According to the letter sent to Hochul by Weber and several of his colleagues, the transition to electric buses will be a major burden to school districts because electric models cost approximately triple that of conventional buses, reaching around $400,000 per vehicle. There will be extra costs including the necessary infrastructure upgrades such as charging stations, electrical improvements, and bus garage renovations.

Weber also said that he has received feedback from school leaders in his district, who have serious concerns over costs and logistics as well.

A report from The Empire Center en- titled “Charging Forward: New York’s Costly Rush to Electrify School Buses” from November 2022 laid out the cost of this transition.
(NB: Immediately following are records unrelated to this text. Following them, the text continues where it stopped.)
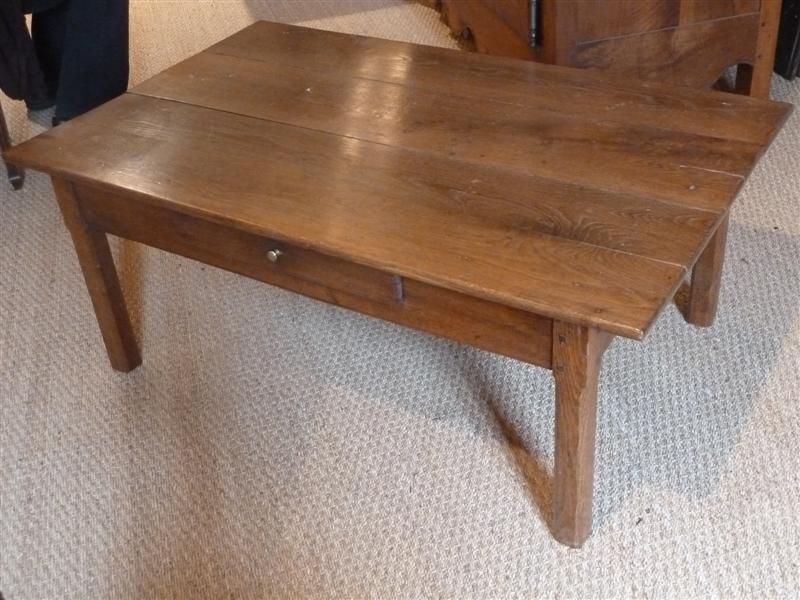 Large eighteenth century artisan-made farm table converted into a coffee table. |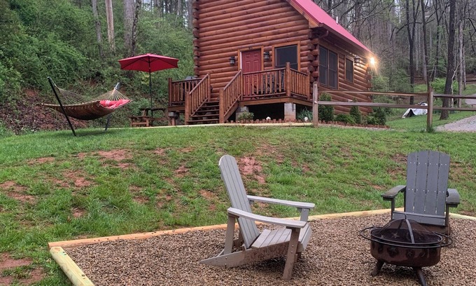 The driveway has easy parking, and the roads are easy for navigating and reaching our little log cabin. Conveniently located off Highlands Rd just 6 mins from Main Street Franklin, 3.5 miles from Walmart and 13 miles from Dry Falls Highlands.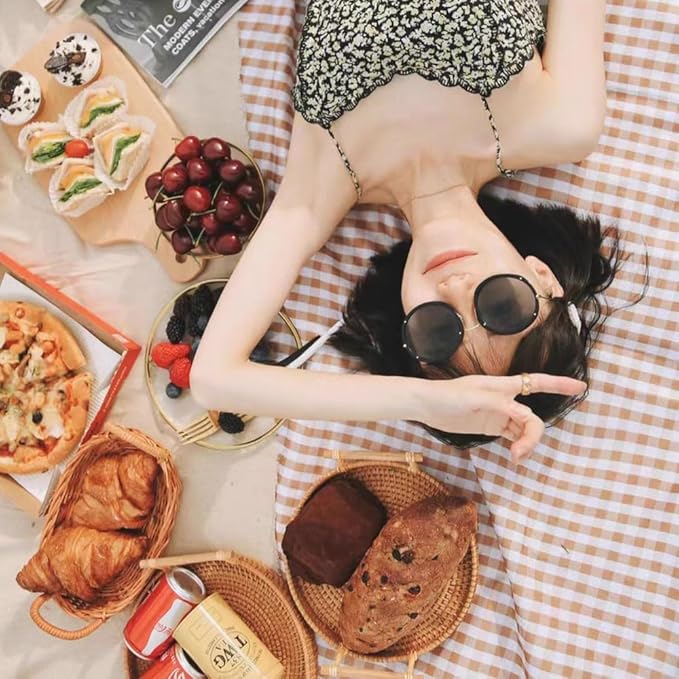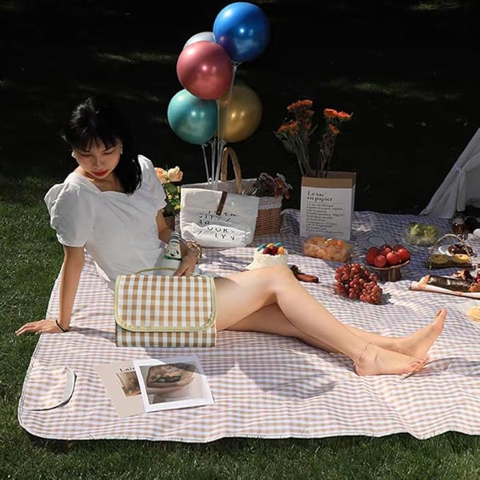 - EXTRA LARGE OUTDOOR BLANKET: Attractive Design For Photos - Cute gingham blanket with white and tan checkers looks great in photos, on grass or sand. Waterproof picnic blanket is a good choice for your daily life.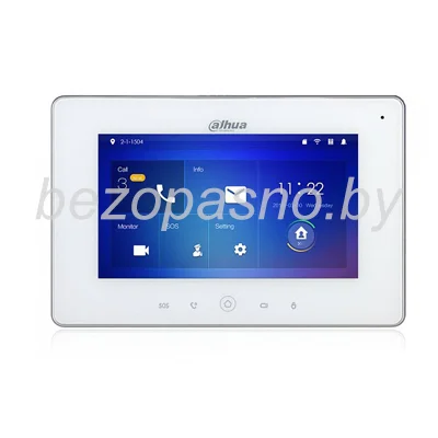 Монитор IP видеодомофона цветной, 7" TFT сенсорный емкостной дисплей 1024x600, подключение до 20 вызывных панелей и просмотр до 8 камер, MicroSD до 32ГБ, 12V DC или PoE (802.3af), максимальная потребляемая мощность 7Вт, Ethernet 100Мбит/с, Wi-Fi (опционально), накладной тип монтажа, 215x140x21мм, -10…+55° C, цвет корпуса - белый.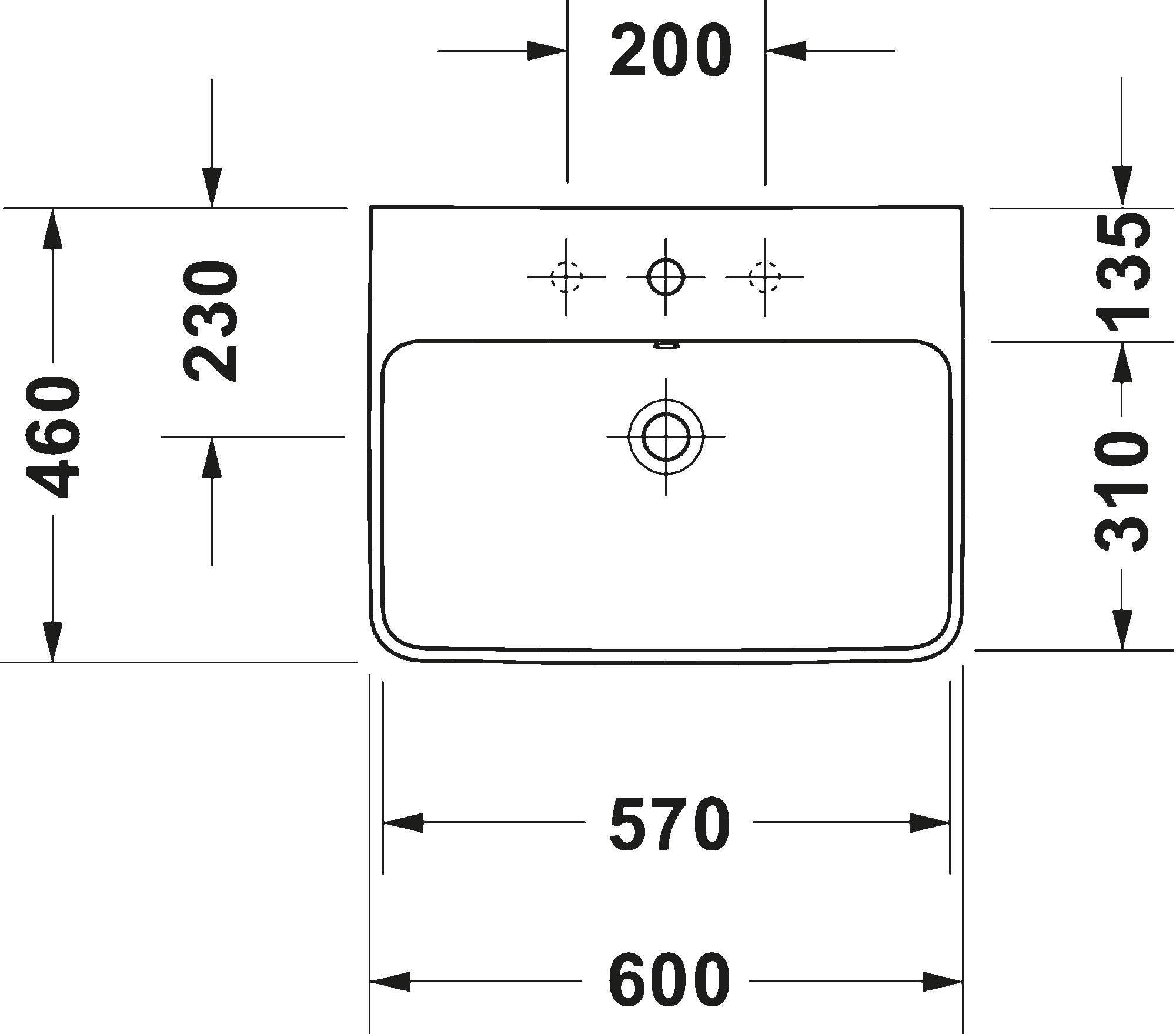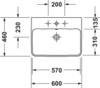 Rectangular, Plataforma para grifería: Sí, Rebosadero: Sí, Parte inferior vitrificada, Pared posterior vitrificada: No, 600 mm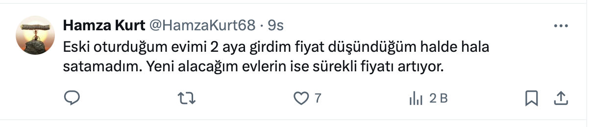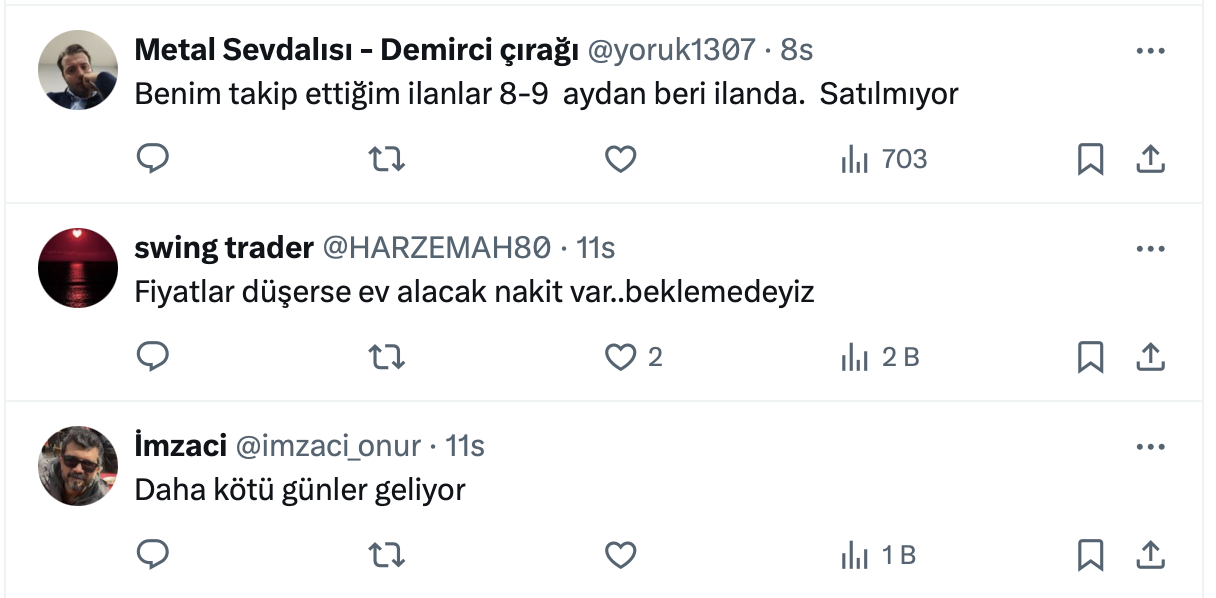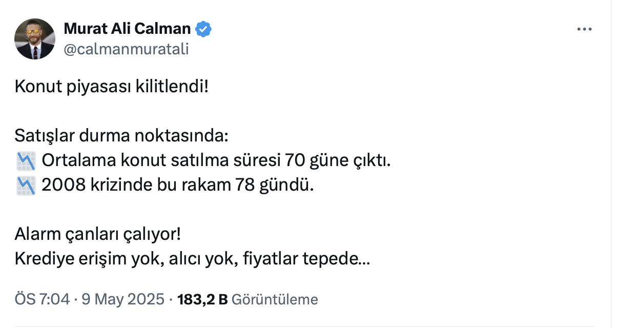 Murat Ali Calman paylaşımında konut piyasasının kilitlendiğini belirterek, ortalama konut satılma süresinin 70 güne çıktığını belirtti.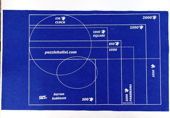 Üzerindeki referans çizgiler evrensel boyutlarla uyumludur: 500 – 850 & 1000 – 1500 – 2000 1000 panaroma – 1000 özel / exlusive panaroma 570 yuvarlak saat – 850 ayna Puzzle halısı 2000’lik boyutu: 2000‘lik için: 75cm x 125cm dir. ; Bu ürün 2000 parçaya kadar tüm puzzle boyutları için uygundur. ; Farklı boyutta ürünleri belli boyutlardan daha büyük puzzlelar ile ilgilenmeyen müşterilerimize seçim imkanı vermek, fiyat ve yerden tasarruf etmelerini sağlamak için ürettik. ; Paket 1 adet puzzle halısı, 1 adet sarma rulosu, 2 adet kilitli lastik ve 1 adet gamboç çanta içermektedir. ; Siparişler en geç 1 iş günü içerisinde anlaşmalı kargo firmasına teslim edilir. ; kargo ücretsizdir. ; Sızs puzzle halısı üretilen en kaliteli puzzle halısıdır. ; Rengi, boyutu ve çantasına kadar herşey kullanıcı düşünülerek hazırlanmıştır. ; Ürünün fiyatı aracısız direk üreticiden olduğu için uygundur. ; Her puzzle severin evinde bulunması gereken bir ürün. ; Sizi yer ve zaman kısıtlamalarından, etraftaki afacanların ve tüylü dostların korkusundan, ideal yer gibi görünüp ilk misafirle ihanet eden masalardan, diğerleriyle birleşmektense gezip kaybolmayı yeğleyen parçalardan kurtaracak. ; Tüm ürünlerde 500 ile ürün boyutu arasındaki tüm puzzleları rahatlıkla yapabilirsiniz. ; Farklı boyutta ürünleri belli boyutlardan daha büyük puzzlelar ile ilgilenmeyen müşterilerimize seçim imkanı vermek, fiyat ve yerden tasarruf etmelerini sağlamak için ürettik.;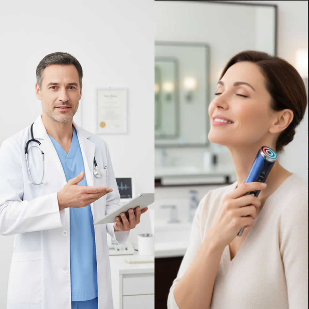 The same technology is used in professional treatments like Morpheus8 and FaceTite to reshape and rebuild aging skin. By heating deep tissue layers, it triggers your body's natural healing response to stimulate collagen production and tighten loose skin.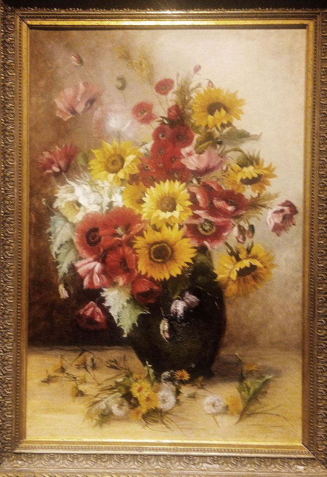 Совершенно неожиданным выглядит здесь единственный натюрморт – «Букет с маками и подсолнухами».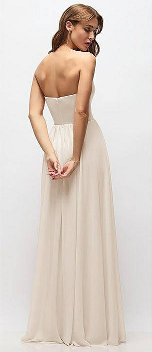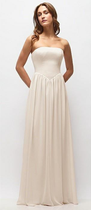 Strapless Basque Drop Waist Chiffon Maxi Dress with Shirred Skirt in oat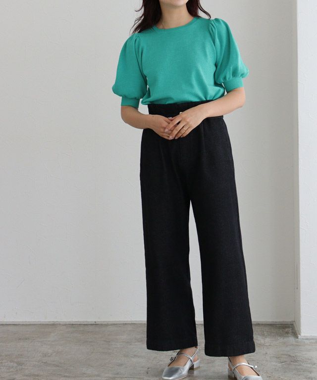 肩からボリュームのあるパフスリーブが女性らしいデザインニット。袖にボリュームを持たせつつ、袖口はリブでメリハリのあるシルエットに仕上げました。見頃はシンプルなのでボトムスを選ばず、カジュアルからきれいめまで幅広く着回せる一枚です。
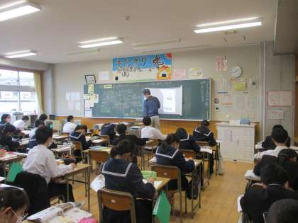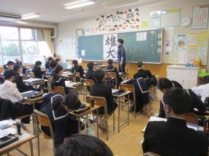 上は国語で、書き初め大会に向けて「雄大」の字の練習しています。
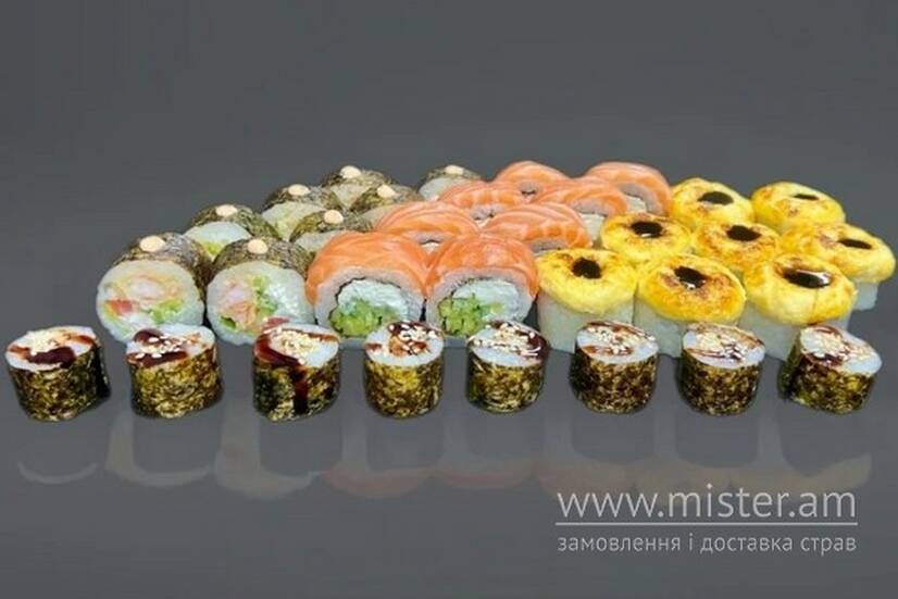 Футомак з креветкою, Філадельфія з лососем, Ніжний з лососем, макі з вугрем. 32 шм.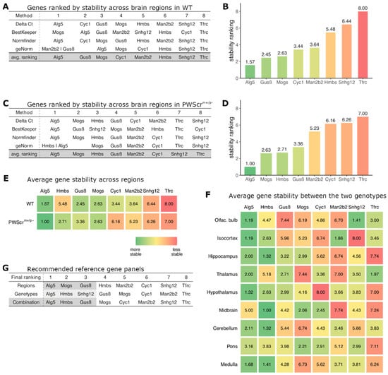Identification of the reference gene panel. (A,C) Expression stability ranking across nine brain regions of reference gene candidates in WT and PWScrm+/p− mice, respectively, determined by four different stability ranking methods. Avg. ranking: shows the calculation of the resulting average ranking of the candidate genes (highlighted in gray; bottom row). (B,D) Average ranking position of each of the genes (lower average rank/green is more stable than higher average rank/red) across the nine brain regions of WT (B) and PWScrm+/p− (D) mice, respectively. (E) Average expression stability ranking positions of gene candidates across the nine brain regions in WT (top) and PWScrm+/p− (bottom) mice. (F) Average ranking of expression stability between the two genotypes (WT and PWScrm+/p−) within each of the nine brain regions for the reference gene candidates. (G) Compilation of reference gene panel. Regions: average ranking of genes for expression stability within regions of genotypes; genotypes: average ranking of expression stability across investigated genotypes within each brain region; combination: recommended panel of reference genes, i.e., the three highest ranked genes, highlighted in gray.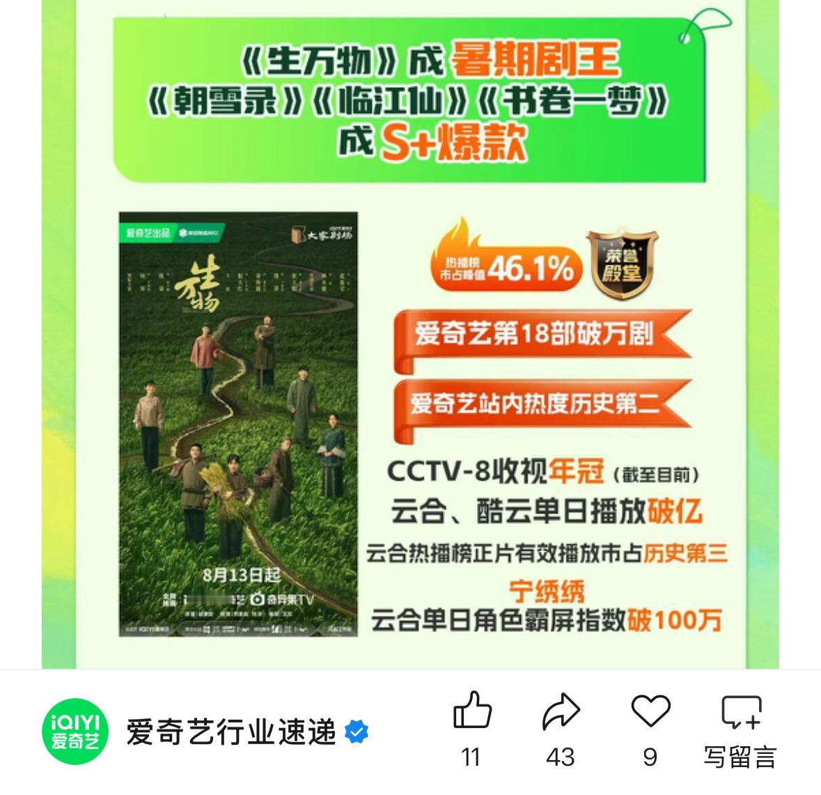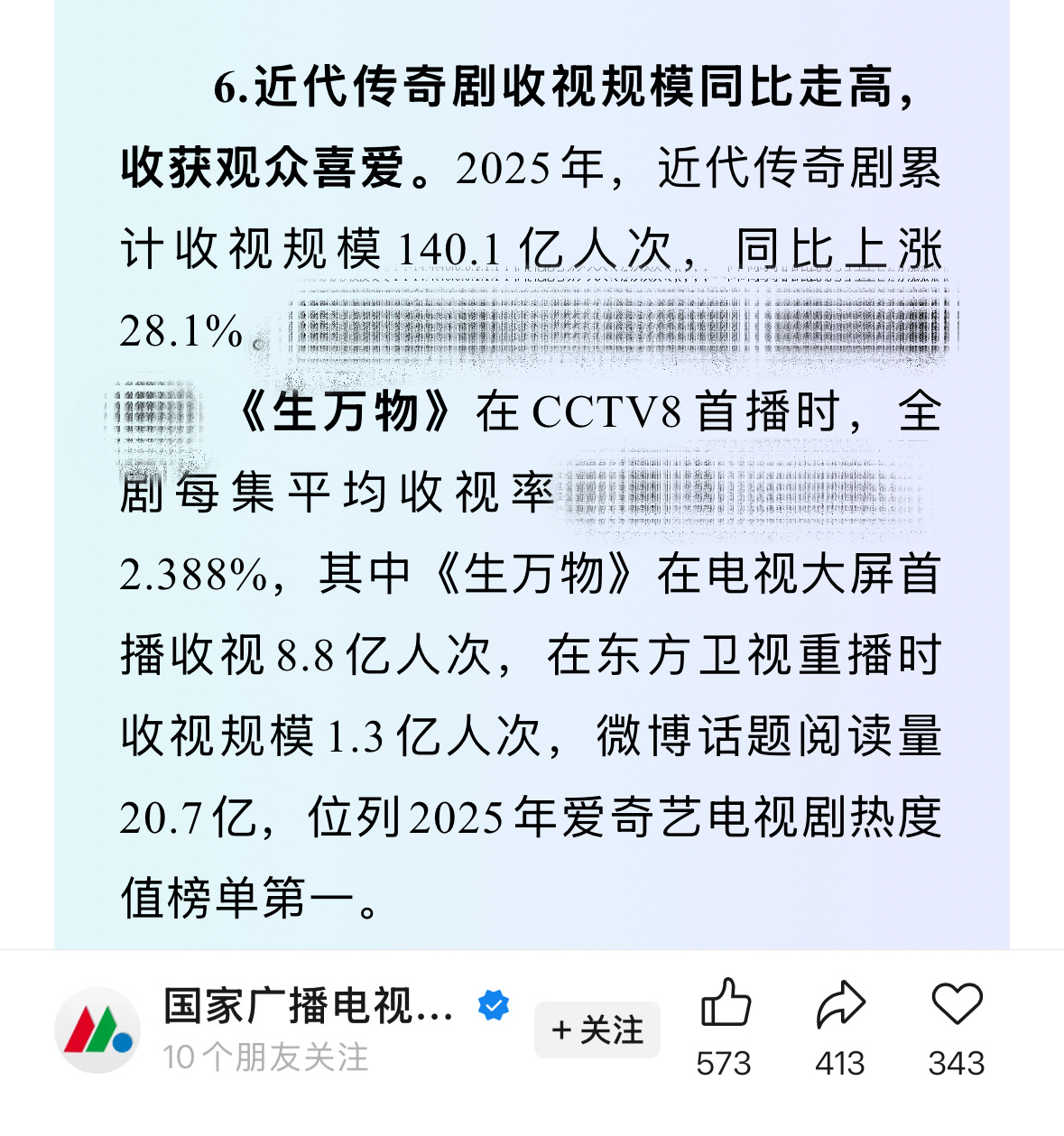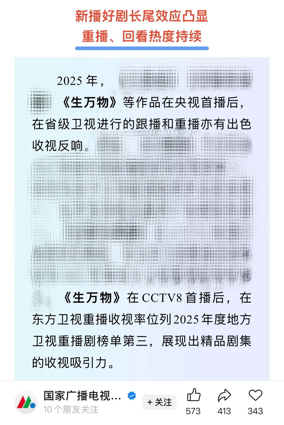 广电认证四大年冠 2025,那当然是杨幂《生万物》啦首播收视优秀、重播热度持续、展现了精品剧集的收视吸引力微博爆剧认证🌾云合爆剧认证🌾酷云爆剧认证🌾抖年度爆款认证🌾爱奇艺爆款认证🌾爱奇艺、南都娱乐以“生万物”衍生句式做2025的总结与2026的展望

The report indicates there are 50,000 school buses in the state and the cost to transition the entire fleet to electric would include $20 billion for infrastructure upgrades and somewhere between $500 million and $1.5 billion for vehicle replacement.

Citing the total 2024 statewide education budget of $44 billion, Weber says the transition for school buses alone would cost half of what the state has allocated.

“Every year our municipalities and school districts are forced to deal with unfunded mandates from Albany, but this one takes the cake,” said Weber.

Governor Hochul recently announced an allocation of $100 million to support electrification of the state’s bus fleet. Weber points out that this funding would only support around 250 buses.

Weber and his colleagues either want to see the mandate repealed, or the deadline extended.